Well folks…had a bit of a scare today and learned a very valuable lesson. Everyone should have Carbon Monoxide Detectors in their House!
I took care of Jack & Kate last night and did not get home until about 1:15 a.m. I immediately went to bed and got awoken around 6 a.m. to very loud beeping alarm. I shot out of bed and ran to the hallway thinking it was the fire alarm. I am pushing and beating on the fire alarm and the beeping won’t stop. I am very disoriented and groggy, but I finally realize the beeping is coming from a different location in the house. It is my Carbon Monoxide detector in the front room. I rip it from the wall to make it shut up, read the back which says, “If 4 Beeps, you have a Carbon Monoxide Leak.” Mistake: I was tired, thought I had 4 beeps but was too groggy to really think straight so I hit reset, plugged it into an outlet in a different room. Crawled back in bed and thought, if it goes off again, I will call the fire department. About 30 minutes later a 2nd Carbon Monoxide detector in the basement goes off. I shoot out of bed and think, “Uh Oh!” So I call my brother first and ask, “Rob, if my Carbon Monoxide detectors are going off do I just call the fire department or call 911? Should I be worried?” He advised me to call the fire department. He warned me that some departments come lights and sirens and bring everybody (overreact as he said.) But he did say it was serious and asked me a few medical questions as well. J
The Rescue Truck and Ambulance showed up within 5 minutes. It was enough commotion to have my neighbors asking, “What’s going on?” The Fire Department was able to find a high level of CO in the house and immediately evacuated Carson & I. (They did ask if Carson was acting strange lately…I said no more than normal!) So I spent nearly an hour and half outside in the freezing cold while they determined where the lead was coming from (my furnace) and cleared out the house. They then called the Paramedics so I could get medically check out.
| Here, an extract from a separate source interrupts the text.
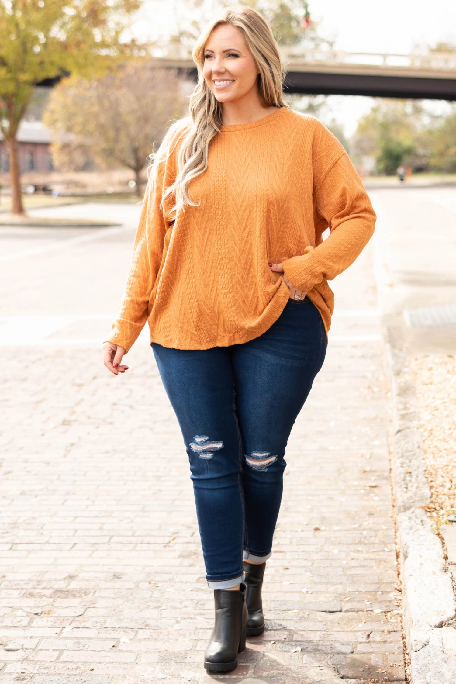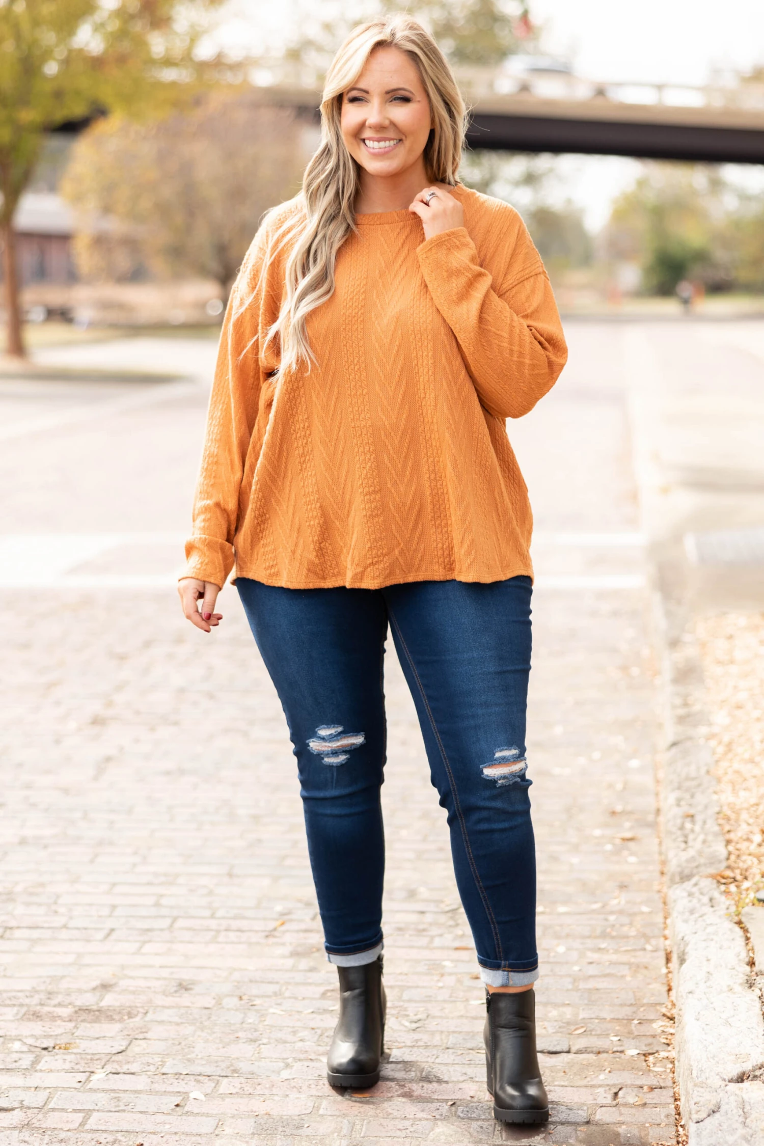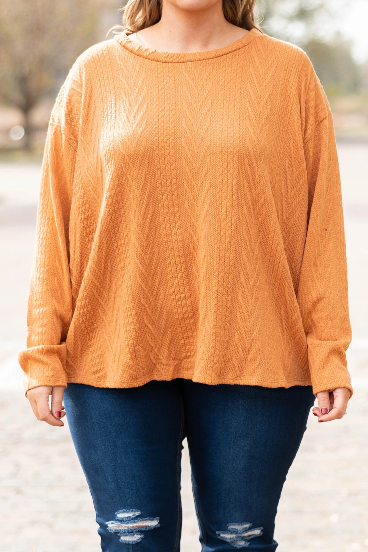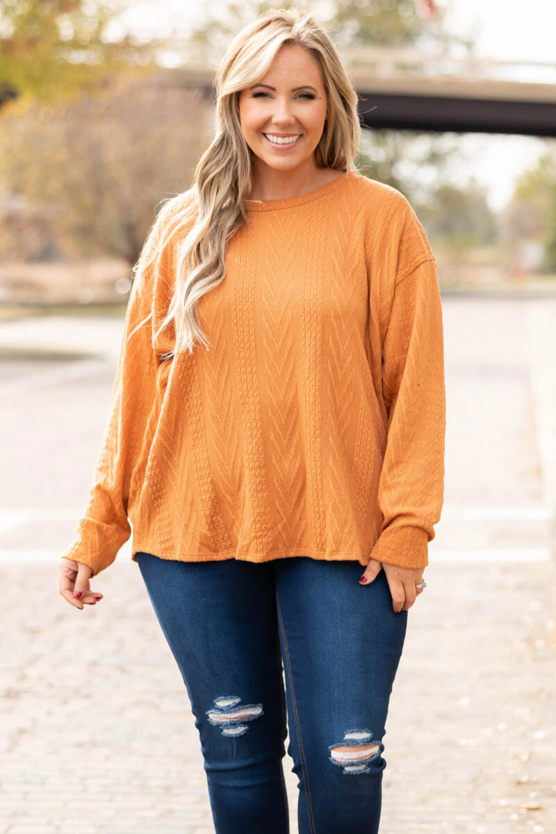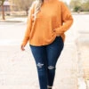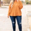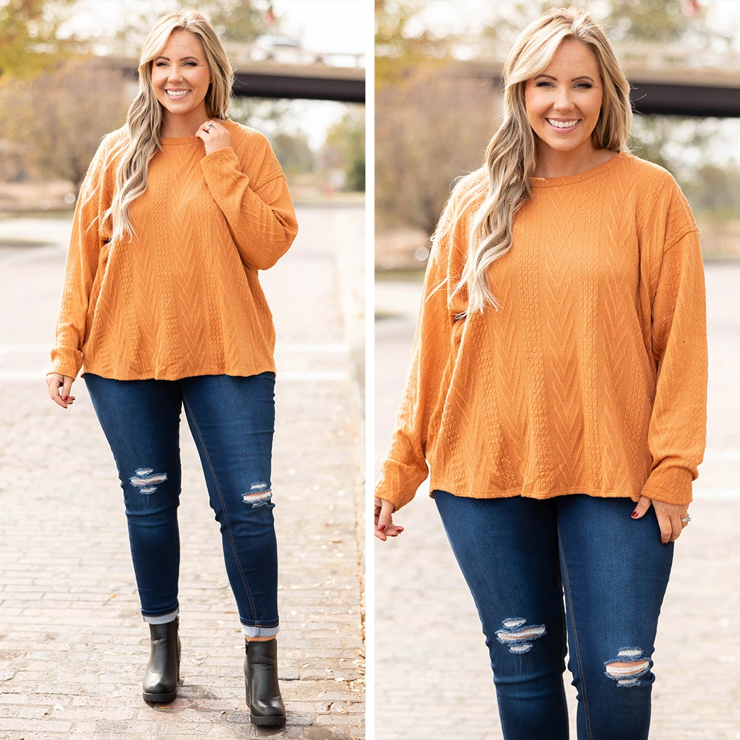 The time is now for you to get this top! It has a super relaxed, oversized fit and a dreamy textured & soft fabric! We love the rust color and how easy it is to wear casual or dressed up! Pair it with leggings and sneakers for a chill day or dress it up with a statement necklace and skinnies for a night out!

You can’t see or smell carbon monoxide, but at high levels it can kill a person in minutes. What I wanted to tell everyone today is that the CO Detectors saved my life. So, PLEASE, make sure you have them in your home. The Fire Department recommended one called Nighthawke. Be sure you get one that has battery backup so it still works if you lose electricity. The NightHawke have some detectors that provide a digital reading of the CO level in your home.